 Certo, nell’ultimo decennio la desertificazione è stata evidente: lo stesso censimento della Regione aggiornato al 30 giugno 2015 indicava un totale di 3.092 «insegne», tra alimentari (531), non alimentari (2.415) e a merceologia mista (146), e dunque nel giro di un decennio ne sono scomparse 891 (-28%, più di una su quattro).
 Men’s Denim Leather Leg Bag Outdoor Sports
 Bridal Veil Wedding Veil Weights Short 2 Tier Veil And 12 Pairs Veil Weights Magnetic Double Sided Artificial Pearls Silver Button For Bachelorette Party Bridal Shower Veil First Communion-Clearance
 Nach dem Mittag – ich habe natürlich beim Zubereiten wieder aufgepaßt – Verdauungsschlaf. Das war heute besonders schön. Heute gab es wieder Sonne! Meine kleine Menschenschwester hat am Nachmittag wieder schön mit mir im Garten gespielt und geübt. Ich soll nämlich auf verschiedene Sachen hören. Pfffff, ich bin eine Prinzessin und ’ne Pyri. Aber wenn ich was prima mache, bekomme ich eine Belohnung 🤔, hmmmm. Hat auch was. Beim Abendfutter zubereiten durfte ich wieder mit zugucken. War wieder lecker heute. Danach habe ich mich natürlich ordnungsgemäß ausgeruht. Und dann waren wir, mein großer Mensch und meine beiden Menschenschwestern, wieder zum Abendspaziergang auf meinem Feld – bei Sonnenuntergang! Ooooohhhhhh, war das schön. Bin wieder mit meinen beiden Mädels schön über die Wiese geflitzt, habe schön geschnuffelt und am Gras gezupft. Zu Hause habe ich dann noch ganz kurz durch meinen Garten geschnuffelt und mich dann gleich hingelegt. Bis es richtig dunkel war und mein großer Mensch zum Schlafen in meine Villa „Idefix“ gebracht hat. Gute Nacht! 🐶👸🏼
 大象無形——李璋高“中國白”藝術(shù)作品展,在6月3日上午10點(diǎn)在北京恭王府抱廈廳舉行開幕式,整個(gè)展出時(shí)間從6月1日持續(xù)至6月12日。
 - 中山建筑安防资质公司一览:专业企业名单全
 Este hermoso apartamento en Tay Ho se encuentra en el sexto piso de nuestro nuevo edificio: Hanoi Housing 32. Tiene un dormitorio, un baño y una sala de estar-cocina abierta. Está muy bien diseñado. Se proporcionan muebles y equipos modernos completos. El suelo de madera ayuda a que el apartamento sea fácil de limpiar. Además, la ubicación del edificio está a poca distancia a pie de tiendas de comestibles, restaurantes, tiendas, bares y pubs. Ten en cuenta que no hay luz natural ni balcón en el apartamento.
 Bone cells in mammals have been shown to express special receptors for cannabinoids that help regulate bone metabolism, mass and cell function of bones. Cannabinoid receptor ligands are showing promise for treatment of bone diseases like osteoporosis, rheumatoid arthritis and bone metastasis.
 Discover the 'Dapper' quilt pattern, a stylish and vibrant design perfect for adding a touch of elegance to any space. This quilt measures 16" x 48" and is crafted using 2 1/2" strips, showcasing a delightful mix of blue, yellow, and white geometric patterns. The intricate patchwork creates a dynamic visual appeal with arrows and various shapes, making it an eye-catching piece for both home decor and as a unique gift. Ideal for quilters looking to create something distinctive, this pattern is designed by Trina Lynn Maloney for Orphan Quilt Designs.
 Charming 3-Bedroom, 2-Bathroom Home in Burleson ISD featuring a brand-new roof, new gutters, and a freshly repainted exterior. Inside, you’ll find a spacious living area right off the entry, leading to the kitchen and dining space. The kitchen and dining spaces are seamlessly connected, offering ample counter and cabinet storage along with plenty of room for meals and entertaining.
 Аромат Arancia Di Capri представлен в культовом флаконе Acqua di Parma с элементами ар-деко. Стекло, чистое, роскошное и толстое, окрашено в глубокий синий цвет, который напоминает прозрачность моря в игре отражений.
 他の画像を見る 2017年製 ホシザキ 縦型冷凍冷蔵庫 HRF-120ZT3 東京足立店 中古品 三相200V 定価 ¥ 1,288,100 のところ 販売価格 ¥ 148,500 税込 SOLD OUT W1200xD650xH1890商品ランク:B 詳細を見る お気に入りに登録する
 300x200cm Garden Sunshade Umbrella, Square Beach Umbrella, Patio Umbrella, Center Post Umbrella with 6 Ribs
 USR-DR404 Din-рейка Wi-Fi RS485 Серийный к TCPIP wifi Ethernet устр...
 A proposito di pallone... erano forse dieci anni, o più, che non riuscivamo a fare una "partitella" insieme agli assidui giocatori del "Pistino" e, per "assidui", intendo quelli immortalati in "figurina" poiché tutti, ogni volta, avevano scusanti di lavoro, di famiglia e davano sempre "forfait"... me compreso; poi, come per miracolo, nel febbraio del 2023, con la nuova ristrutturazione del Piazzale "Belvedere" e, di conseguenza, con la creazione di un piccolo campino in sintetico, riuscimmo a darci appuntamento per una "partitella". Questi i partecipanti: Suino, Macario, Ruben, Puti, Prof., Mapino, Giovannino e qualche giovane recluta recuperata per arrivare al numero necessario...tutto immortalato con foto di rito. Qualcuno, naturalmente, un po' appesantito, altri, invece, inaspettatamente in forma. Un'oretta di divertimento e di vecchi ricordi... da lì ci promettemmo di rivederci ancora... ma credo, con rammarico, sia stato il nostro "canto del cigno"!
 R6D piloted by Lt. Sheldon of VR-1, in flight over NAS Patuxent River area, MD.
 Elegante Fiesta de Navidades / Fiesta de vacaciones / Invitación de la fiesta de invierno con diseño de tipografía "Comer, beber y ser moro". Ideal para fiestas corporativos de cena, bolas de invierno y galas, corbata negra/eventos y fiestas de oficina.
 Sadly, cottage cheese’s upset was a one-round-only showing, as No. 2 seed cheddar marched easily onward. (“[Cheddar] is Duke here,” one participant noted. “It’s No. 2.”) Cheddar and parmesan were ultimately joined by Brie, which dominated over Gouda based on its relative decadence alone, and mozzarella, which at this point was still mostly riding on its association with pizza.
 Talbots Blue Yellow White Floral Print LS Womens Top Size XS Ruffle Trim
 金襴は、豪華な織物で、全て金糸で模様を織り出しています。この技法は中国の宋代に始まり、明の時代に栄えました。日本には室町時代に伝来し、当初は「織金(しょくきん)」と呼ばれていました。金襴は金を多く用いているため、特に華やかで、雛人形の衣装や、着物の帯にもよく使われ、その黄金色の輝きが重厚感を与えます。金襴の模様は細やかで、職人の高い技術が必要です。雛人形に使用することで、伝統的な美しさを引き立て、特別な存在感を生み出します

◆ Exercise description
Look above for the line holding "Nach dem Mittag" and the line holding "- 中山建筑安防资质公司一览:专业企业名单全", then output exactly those two lines and every line between them, nothing more.

◆ Task answer
 Nach dem Mittag – ich habe natürlich beim Zubereiten wieder aufgepaßt – Verdauungsschlaf. Das war heute besonders schön. Heute gab es wieder Sonne! Meine kleine Menschenschwester hat am Nachmittag wieder schön mit mir im Garten gespielt und geübt. Ich soll nämlich auf verschiedene Sachen hören. Pfffff, ich bin eine Prinzessin und ’ne Pyri. Aber wenn ich was prima mache, bekomme ich eine Belohnung 🤔, hmmmm. Hat auch was. Beim Abendfutter zubereiten durfte ich wieder mit zugucken. War wieder lecker heute. Danach habe ich mich natürlich ordnungsgemäß ausgeruht. Und dann waren wir, mein großer Mensch und meine beiden Menschenschwestern, wieder zum Abendspaziergang auf meinem Feld – bei Sonnenuntergang! Ooooohhhhhh, war das schön. Bin wieder mit meinen beiden Mädels schön über die Wiese geflitzt, habe schön geschnuffelt und am Gras gezupft. Zu Hause habe ich dann noch ganz kurz durch meinen Garten geschnuffelt und mich dann gleich hingelegt. Bis es richtig dunkel war und mein großer Mensch zum Schlafen in meine Villa „Idefix“ gebracht hat. Gute Nacht! 🐶👸🏼
 大象無形——李璋高“中國白”藝術(shù)作品展,在6月3日上午10點(diǎn)在北京恭王府抱廈廳舉行開幕式,整個(gè)展出時(shí)間從6月1日持續(xù)至6月12日。
 - 中山建筑安防资质公司一览:专业企业名单全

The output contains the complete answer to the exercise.